### What you are asked to do
Every line below from the one with "Am Mittwoch, 28." through the one with "- Click Clear" is to be repeated exactly, with no picture among them.

### Available records

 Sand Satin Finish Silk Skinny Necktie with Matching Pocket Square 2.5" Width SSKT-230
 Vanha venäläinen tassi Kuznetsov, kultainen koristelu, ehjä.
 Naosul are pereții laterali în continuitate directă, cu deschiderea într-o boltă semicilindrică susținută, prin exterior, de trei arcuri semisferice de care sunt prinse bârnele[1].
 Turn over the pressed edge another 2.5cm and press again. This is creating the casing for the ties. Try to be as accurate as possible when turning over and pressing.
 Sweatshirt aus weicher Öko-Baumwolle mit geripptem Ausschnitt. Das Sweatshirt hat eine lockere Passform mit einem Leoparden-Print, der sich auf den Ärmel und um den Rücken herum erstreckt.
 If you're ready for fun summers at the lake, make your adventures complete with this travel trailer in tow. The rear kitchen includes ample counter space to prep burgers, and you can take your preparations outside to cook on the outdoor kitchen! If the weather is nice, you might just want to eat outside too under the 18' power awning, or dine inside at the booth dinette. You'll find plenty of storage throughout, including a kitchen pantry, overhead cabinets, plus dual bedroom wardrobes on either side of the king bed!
---
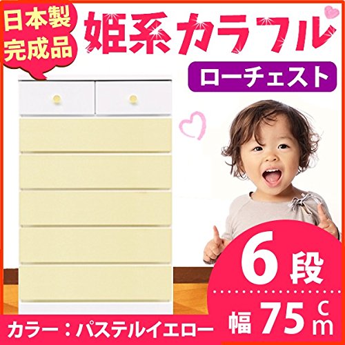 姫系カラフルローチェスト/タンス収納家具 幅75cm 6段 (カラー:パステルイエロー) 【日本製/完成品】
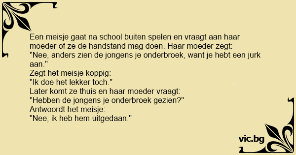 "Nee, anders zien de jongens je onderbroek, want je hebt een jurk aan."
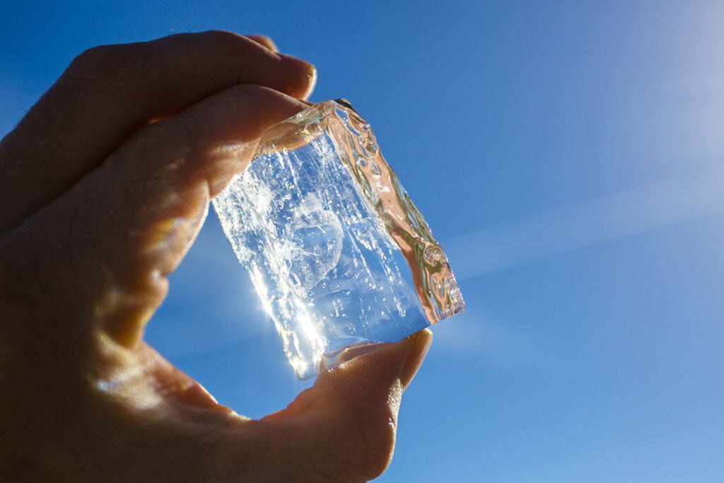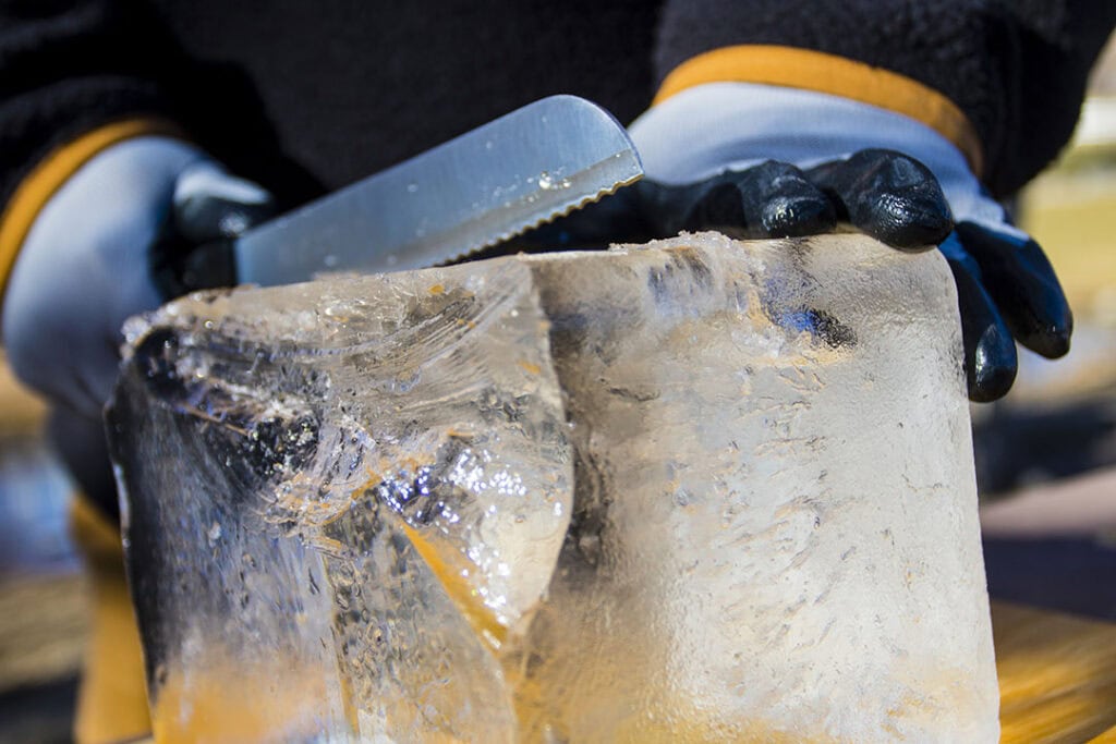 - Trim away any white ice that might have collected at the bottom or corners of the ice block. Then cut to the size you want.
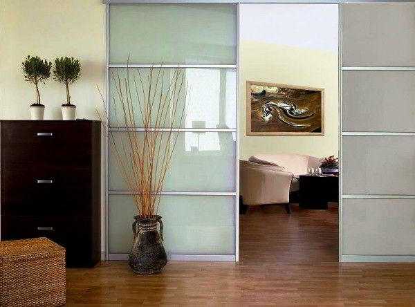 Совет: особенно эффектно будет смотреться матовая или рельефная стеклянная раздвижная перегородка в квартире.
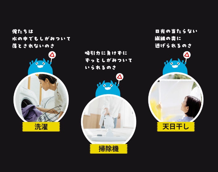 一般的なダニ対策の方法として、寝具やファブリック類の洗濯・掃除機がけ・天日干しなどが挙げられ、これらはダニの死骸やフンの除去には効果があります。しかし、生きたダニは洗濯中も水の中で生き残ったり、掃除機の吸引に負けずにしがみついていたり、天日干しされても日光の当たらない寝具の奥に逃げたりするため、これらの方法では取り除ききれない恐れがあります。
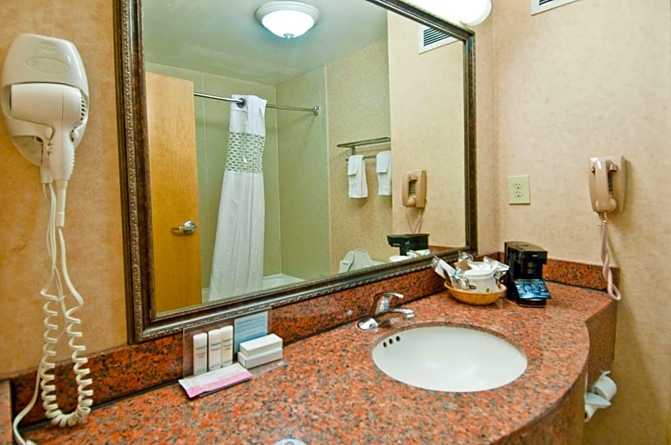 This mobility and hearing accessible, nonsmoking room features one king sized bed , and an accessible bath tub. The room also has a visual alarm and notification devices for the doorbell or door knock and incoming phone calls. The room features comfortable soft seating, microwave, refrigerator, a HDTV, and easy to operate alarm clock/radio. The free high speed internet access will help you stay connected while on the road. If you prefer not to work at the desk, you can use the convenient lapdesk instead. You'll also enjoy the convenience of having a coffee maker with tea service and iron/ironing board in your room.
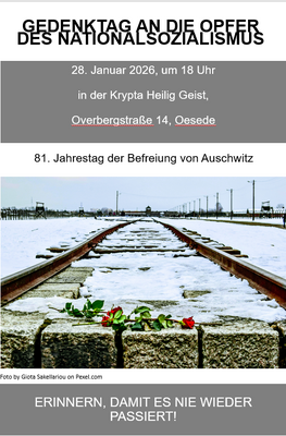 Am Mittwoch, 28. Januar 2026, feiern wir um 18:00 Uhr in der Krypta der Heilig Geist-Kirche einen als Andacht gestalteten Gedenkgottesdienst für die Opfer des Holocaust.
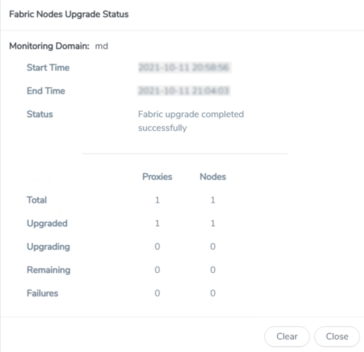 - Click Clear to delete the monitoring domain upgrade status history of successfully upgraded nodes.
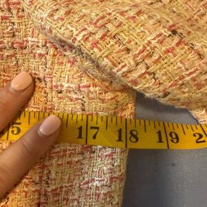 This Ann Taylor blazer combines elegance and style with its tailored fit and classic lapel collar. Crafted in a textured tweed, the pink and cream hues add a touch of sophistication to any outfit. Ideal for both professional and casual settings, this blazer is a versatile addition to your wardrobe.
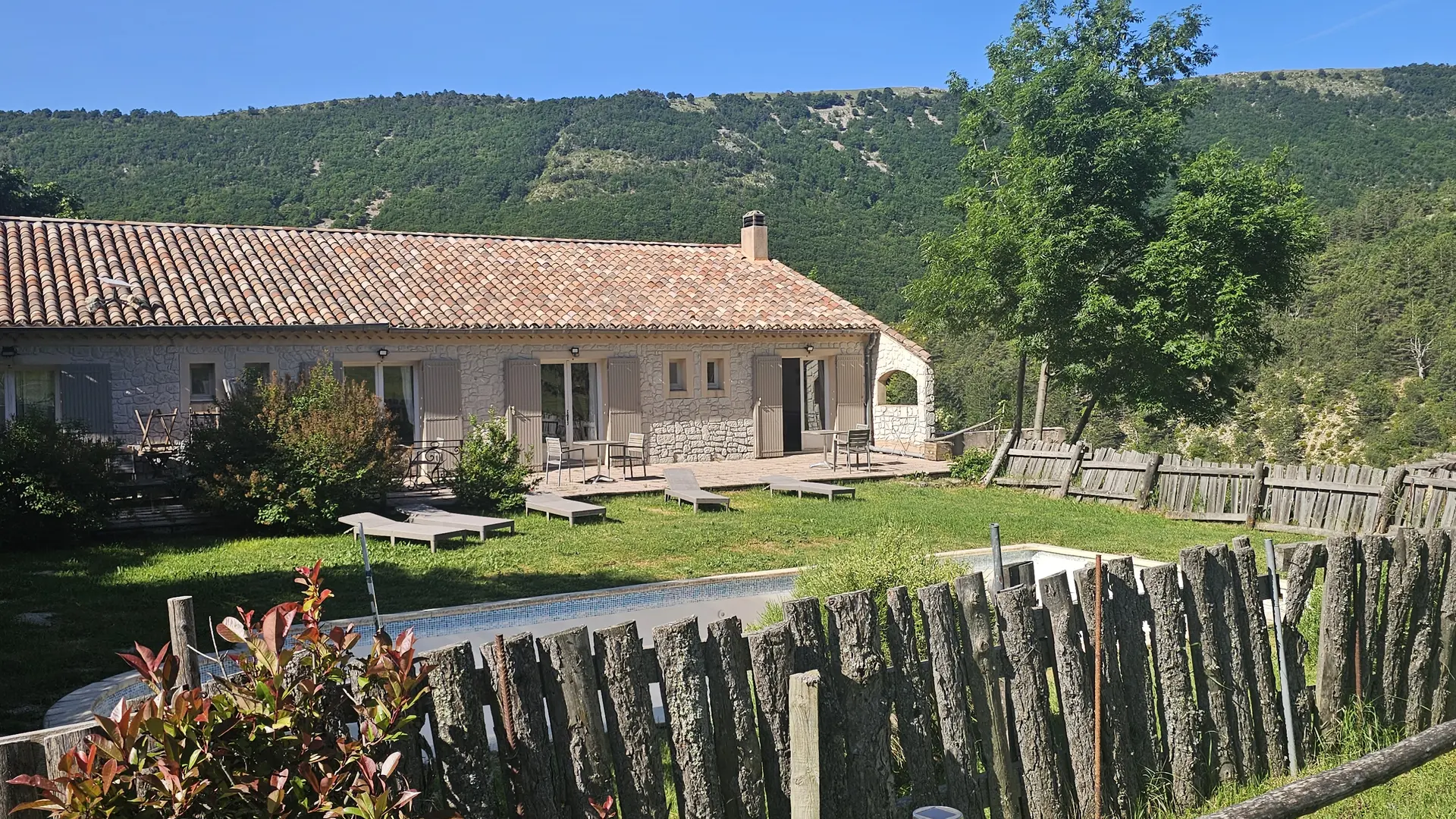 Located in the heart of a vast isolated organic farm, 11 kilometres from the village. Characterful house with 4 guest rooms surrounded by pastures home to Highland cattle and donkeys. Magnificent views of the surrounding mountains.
* * *
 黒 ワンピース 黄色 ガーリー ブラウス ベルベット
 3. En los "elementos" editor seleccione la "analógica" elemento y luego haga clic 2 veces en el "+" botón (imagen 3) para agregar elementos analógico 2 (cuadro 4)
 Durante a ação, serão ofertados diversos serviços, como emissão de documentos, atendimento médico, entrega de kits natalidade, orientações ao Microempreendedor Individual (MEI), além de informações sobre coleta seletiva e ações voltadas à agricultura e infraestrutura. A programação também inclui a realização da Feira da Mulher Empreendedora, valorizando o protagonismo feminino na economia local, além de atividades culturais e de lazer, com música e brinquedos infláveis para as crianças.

### Completed exercise
 Am Mittwoch, 28. Januar 2026, feiern wir um 18:00 Uhr in der Krypta der Heilig Geist-Kirche einen als Andacht gestalteten Gedenkgottesdienst für die Opfer des Holocaust.
 - Click Clear to delete the monitoring domain upgrade status history of successfully upgraded nodes.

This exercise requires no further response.